There are only two characters in this story, both older retired men who were Holocaust survivors who after the war moved to New York City.  The man who kept his faith, now retired and a widower after forty years supporting his family with a pushcart took in another retired Holocaust survivor more for company than the rent money.  The other man lost everyone in his family.  He does not  accept that any God seen as good could have allowed the Holocaust.  When the other man begins his prayers he berates him:

“To whom are you praying? To the God who made Hitler and gave him the strength to kill six million Jews?

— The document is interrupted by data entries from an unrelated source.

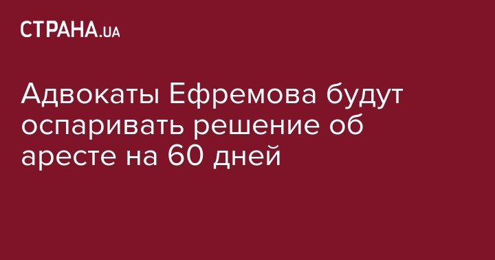 Защита экс-председателя фракции Партии регионов Александра Ефремова будет подавать апелляцию на решение суда о его аресте. Об этом сообщает корреспондент "Страны" с места событий.
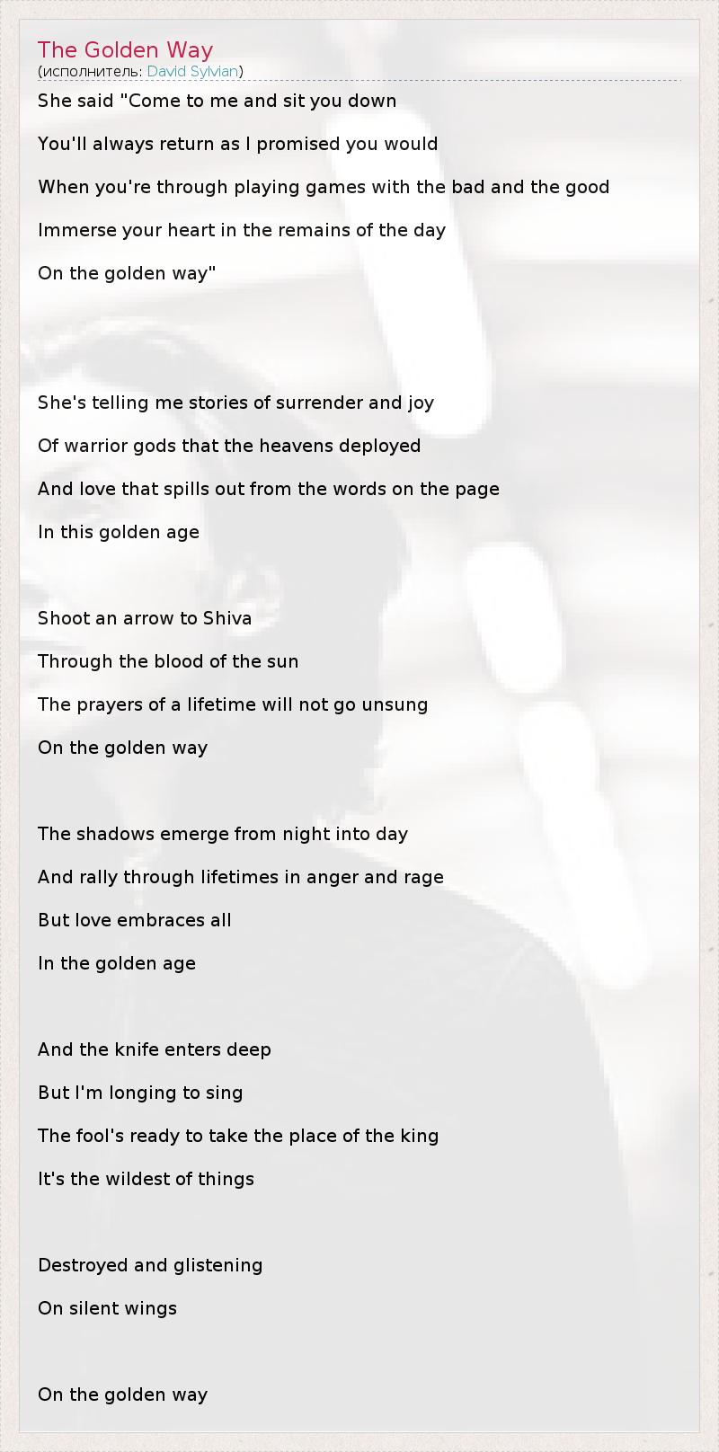 She said "Come to me and sit you down You'll always return as I promised you would When you're through playing games with the bad and the good Immerse your heart in the remains of the day On the golden way" She's telling me stories of surrender and joy Of warrior gods that the heavens deployed And love that spills out from the words on the page In this golden age Shoot an arrow to Shiva Through the blood of the sun The prayers of a lifetime will not go unsung On the golden way The shadows emerge from night into day And rally through lifetimes in anger and rage But love embraces all In the golden age And the knife enters deep But I'm longing to sing The fool's ready to take the place of the king It's the wildest of things Destroyed and glistening On silent wings On the golden way
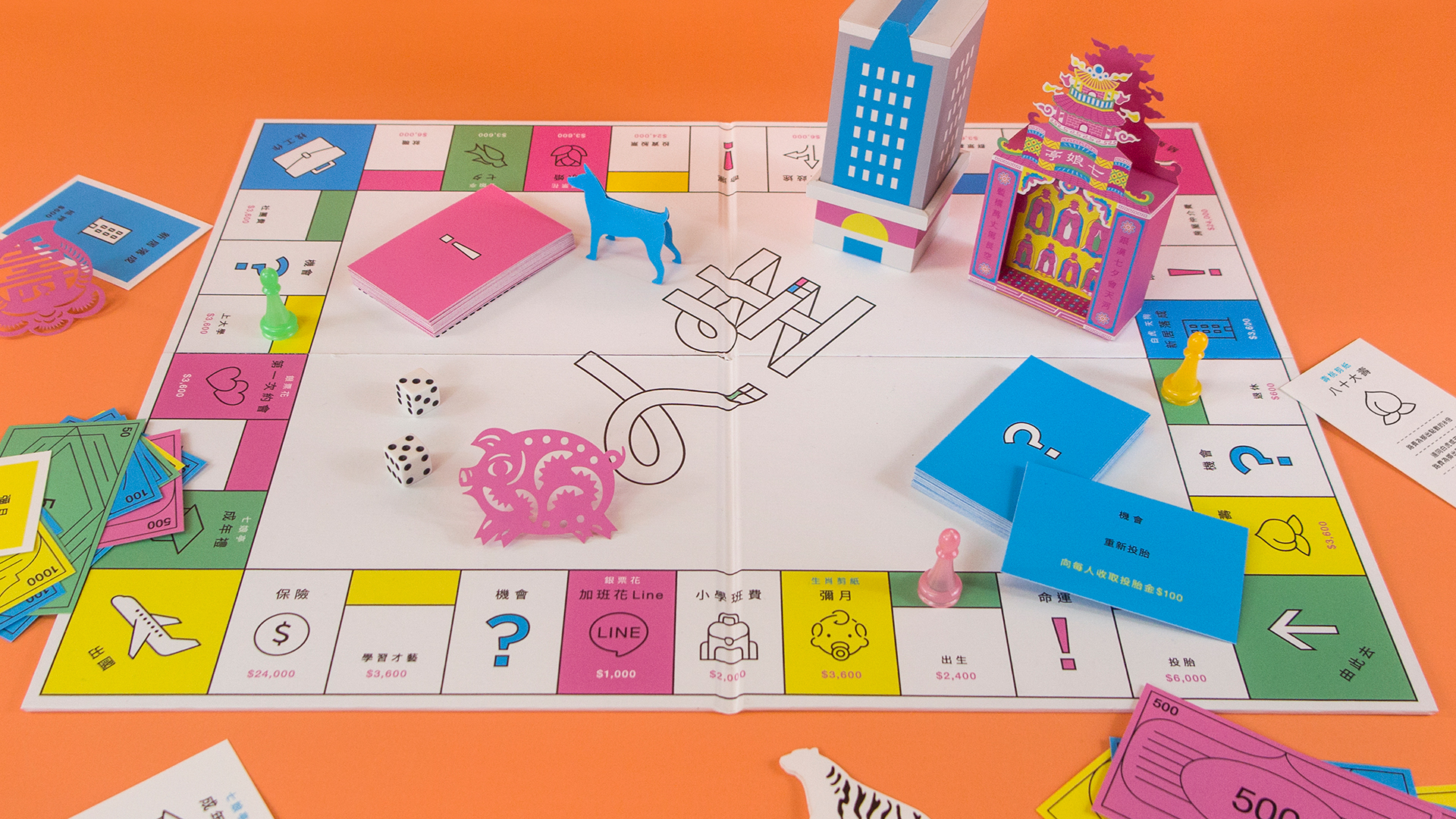 在過去,紙糊工藝是喜喪皆宜的,是與民生息息相關的宗教工藝,但因為漸失傳承,目前人們普遍對紙糊的印象,僅剩喪事用途。我們以紙糊工藝中的銀票花、七娘亭、房厝、天狗、白虎、剪紙等作為道具,以家喻互曉的大富翁為規則基礎,置入送禮、祭拜等習俗,讓玩家體驗從出生、成家、立業到老死的紙藝用途,在遊戲過程中扭轉既定印象,了解紙糊工藝服務的不只是往生一時,更是人生一世。

Or perhaps to the God who created Stalin and let him liquidate another ten million victims? Really, Reb Berish, you’re not going to bribe the Lord of the Universe with a pair of phylacteries. He’s a first-class son of a bitch and a terrible anti-Semite.”
“Pfui.” Reb Berish grimaced. “Go away.”
“How long will we keep cringing before Him and singing Psalms?” Melnik continued. “I’ve seen with my very own eyes how they threw a Jew with a prayer shawl and phylacteries into a ditch full of shit. Literally.”

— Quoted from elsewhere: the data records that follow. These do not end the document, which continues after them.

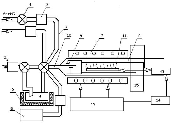 Як згадано в [6,7] для барботування використовується вихідний розчин хлориду цинку концентрації 1 - 3%, або, при миттєвому випаровуванні розчину в реакторі, 0,001 - 0,025% розчин. В цьому випадку готується вихідний 1% розчин ZnCl2 , який потім розводиться деіонізованою водою до необхідної концентрації. Миттєве випаровування попередньо приготованого розчину здійснюється шляхом введення його в реактор через капіляр з витратою 10 мл/хв.
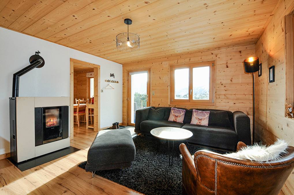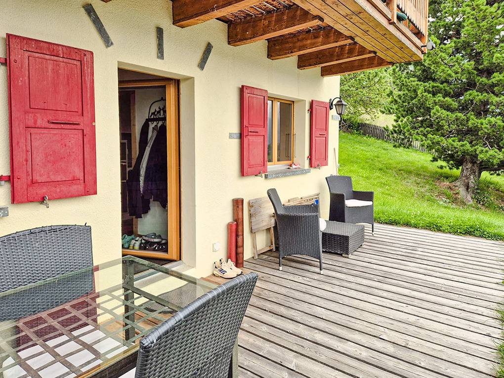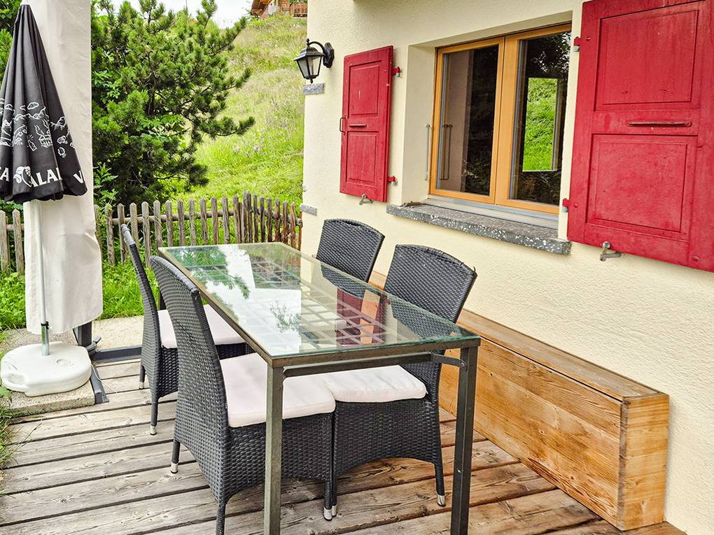 Haus: Schönes Walliser Chalet mit Kaminofen. Traditionelles 2-Familien-Chalet, 2023 aufwendig renoviert, die untere Wohnung wird vermietet. Gemütliche Chalet-Atmosphäre, moderne Komforteinrichtung. Internetzugang über W-Lan. Heizung über Pellet-Kaminofen, E-Radiatoren. Warmwasser über 150 l E-Boiler. Gartenhaus für Ski. 1 Pkw-Stellplatz am Haus.
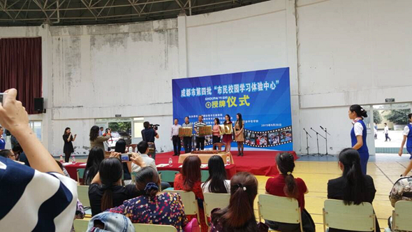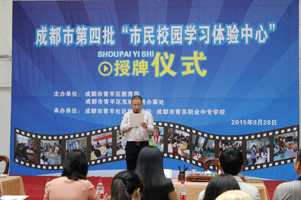 2015年9月28日下午,在成都市青苏职业中学体育馆,举行了第四批“市民校园学习体验中心”授牌仪式。区教育局、东坡街道、青羊社区教育学院相关领导,区内各市民校园学习体验中心负责人,东坡街道社区居民代表,青苏职中市民校园学习体验中心学员及学生代表,区社区教育学院相关人员参加了此次授牌仪式。
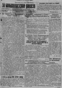 1 ,3а больш евистские колхозы" М К8Мб«П О с о з ы в е 1-ой с е с си и В ер х о в н о г о Совета СССР постановление п р е з и д и у м а Ц ент р ал ьно го Исполнительного Комитета СССР о ^ / ? ё еЗИАИум Н е в р а л ь н о г о Исполнительного Ком и тета С С С Р на основании статьи 53 Конституции С С С Р П О С Т А Н О В Л Я Е Т : С о з в а т ь 1-ю с е сс ию Верховного С о в е т а С о ю з а С о ветских Социалистических Республик 12 января 19 33 го да в городе Моснве. Председатель Центрального Исполнительного Комит е т а С С С Р - М . К А Л И Н И Н . С е к р е т а р ь Центрального Исполнительного К ом и те та . . и С С С Р - - А . Горкин . Москва, Кремль. 19 декабря 1937 года. Кулацкие д е л а кулака А с а н о в а Не так давно в нашем рай | оне разоблачена и уничтоже-í на контрреволюционная, п р а - ‘ во-троцкистская банда. Она, э та подлая, ничтожная кучка презренных бандитов вредила, пакостила и нанесла гро мадный ушерб нашим колхозам и колхозникам. Глав»ри ее позорно уничтожены, но у нас о с тал ас ь еще вражеские элементы, которые продолжают вредить в сельсоветах и колхозах. Председателем Иткульско- го сельсовета работает Аса- нов II. М. Это человек—проводник вредительских д е л уничтоженной банды. Он раз валил, разложит работу с е л ь ского совета. Ни одна секция при с ельсовете не работает. Политическая работа в массах о т су т с т в у е т . Голое администрирование, о к ри к—вот негодный, вражеский стиль ра боты Асанова. Он грубо нарушает революционную законность, производя Н1‘законные обыски, изъ я тие вещей, которые не подлежат из'ятию. Асанов продавал в поселке Павловка последние жилые постромки у трудящ и хся . В результате г руб о го администрирования, угроз судом, за три года из сельсовета выбыло 86 кол хозных хозяйств и 69 единоличных. ^ Кто такой Асанов П. М.? Е го о т е ц и он до революции и по сл е—имели крупное кулацкое эксплоататорское хо зяйство. Он в своем хозяйстве систематически держал и экеплоатировал батраков и сезонных рабочих. Отец Аса- нова служил сельским с т а р о стой в период колчаковщины и предавал революционно-настроенных граждан и партизан , которых колчаковцы пороли, бйли, расстреливали. Так, например, был расстрелян красный партизан Панфилов из деревни Ичкала. Тва дяди Асанова лишенные избирательных прав, как ку лаки. В 1929 году Асанов во вре мя чистки советского аппарата , как кулак, был вычищен с работы председателя Мало- Карагаевск >го сельсовета. После Асанов, работая д е с я т ником дорожного строи тельство, за срыв работы и вредительство был снят с работы, но з 1934 году он пробрался на работу прдседатели Иткульс кого сельсовета, где. также продолжал в р е д и т ь , пакостить. В 1935 году он п р и с в о и л и цен. 92 кг. кулацкого хлеба. В тридцать четвертом, пятом, шестом годах он кормил свой с к о т колхозным хлебом и с е ном, но никому ни за доставку, ни за сено и хлеб ничего не платил. Такой грязный, вредительский путь кулак« Асанова. Асанова сейчас райком ис ключил из партии, но такие Асановы у нас, очевидно, еще остались. П ар тий но -к ом со мольские и советские организации должны поднять рево люционную бдительность и вскрывать, р азоблачать врагов народа, как бы они ни маскировались. В. И. Ленин и V*. В. Сталин в Смольном НОВАЯ ПОЛЬСКАЯ ПРОВОКАЦИЯ НА ГРАНИЦЕ В РАЙКОМЕ ВНП(б) 15 декабря райком партии заслушал доклад парторга | Биазинской парторганизации тов. Иванникова о работе с 1 г р у п п о й сочувству
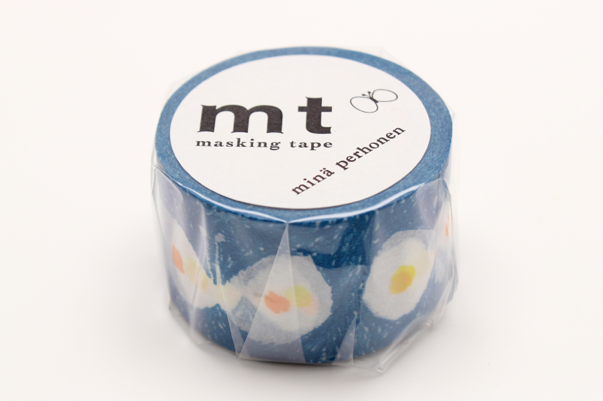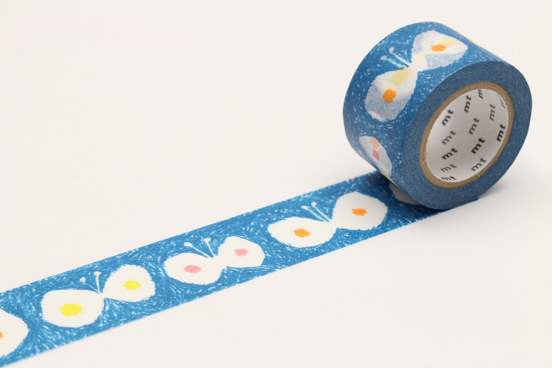 ブルーベースのテープに、ミナ・ペルホネンが描く色んな羽を持つ蝶達が飛んでいます。
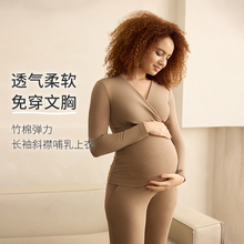 哺乳秋衣秋裤上衣孕妇打底衫保暖内衣秋冬款喂奶带胸垫月子服套装(55.9元)
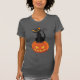 Cute Halloween cat t-shirt with cute black cat and pumpkin Jack-o-lantern vector graphics. Choose any other t-shirt color or style!

Berish talks to him about freewill, about acts of great kindness and self sacrifice among camp inmates.  They argue about women, Berish expects to meet his wife again in the afterlife.  His companion launches into a tirade against all women, especially Jewish women.  He tells Berish his faith is for children:

“What are you crying for? This is humanity, the crown of creation. My theory is that all men are Nazis. What right do we have to slaughter a calf and eat it? The one with the knife slaughters. It’s just as Hitler believed: might is right. As for God, He’s a Nazi to end all Nazis. The arch-Hitlerite. He has more power than anybody else, so He tortures everybody. You see, I’m not an unbeliever. There is a Gehenna, there is. Why should people suffer only on earth? They’re tortured in the hereafter, too. God has His own Treblinka, with devils, hobgoblins, demons, angels of death. They burn the poor sinners or hang them by their tongues or by their breasts. All the details are there in ‘The Rod of Punishment.’ But there’s no paradise. When it comes to death, I become a real heretic.” 

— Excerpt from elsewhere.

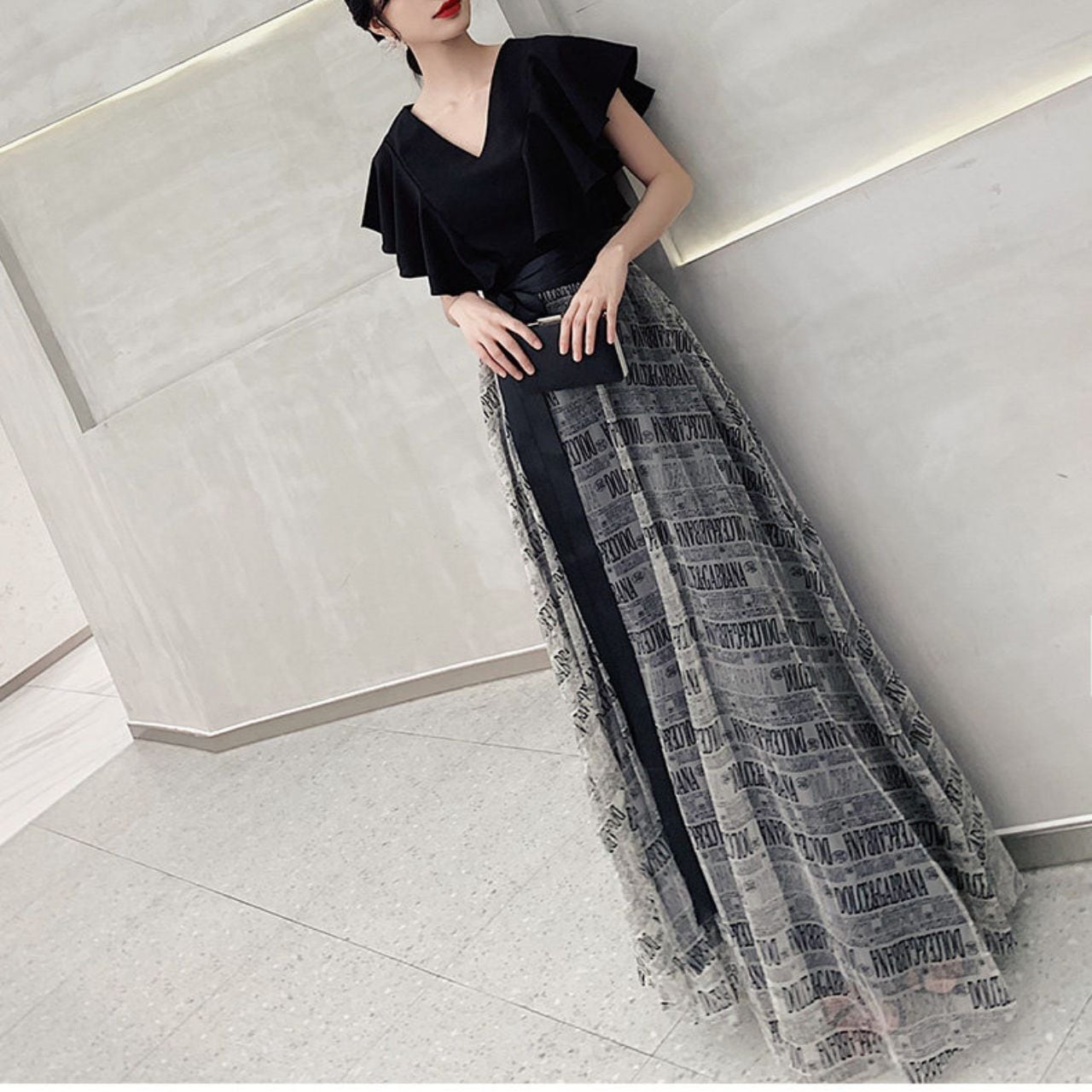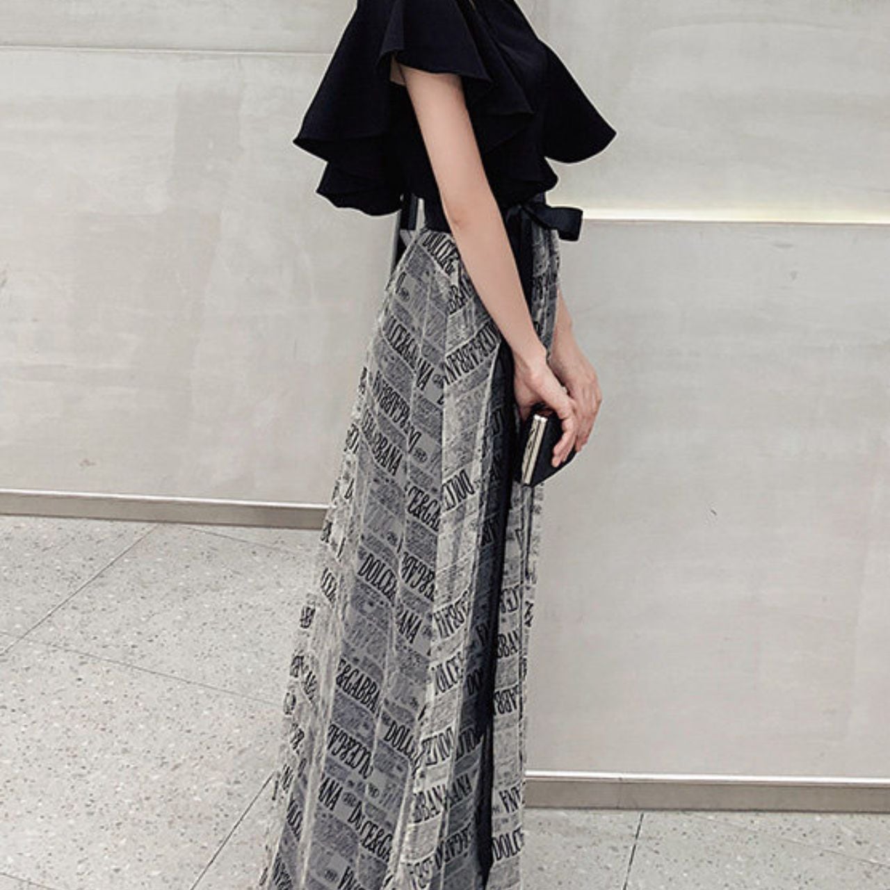 ふんわりと広がるAラインシルエットが魅力的なマキシ丈ワンピース。

Both men are lonely and they need each other’s company.  After breakfast they go out to see what the women in the neighbourhood are doing.  

“The Border” is a powerful story, a very worthy edition to Yiddish literary treatments of Holocaust themes.

You can read this story here. 

My post, from November, 2011 on Ivan and Misha is here

Mel u

1 comment:

Buried In Print said...

I checked the stack of New Yorker's at the library today hoping to find this volume but someone else must be enjoying it. If I don't have any luck soon, I'll settle for reading it online. The amount of detail sounds tremendously satisfying!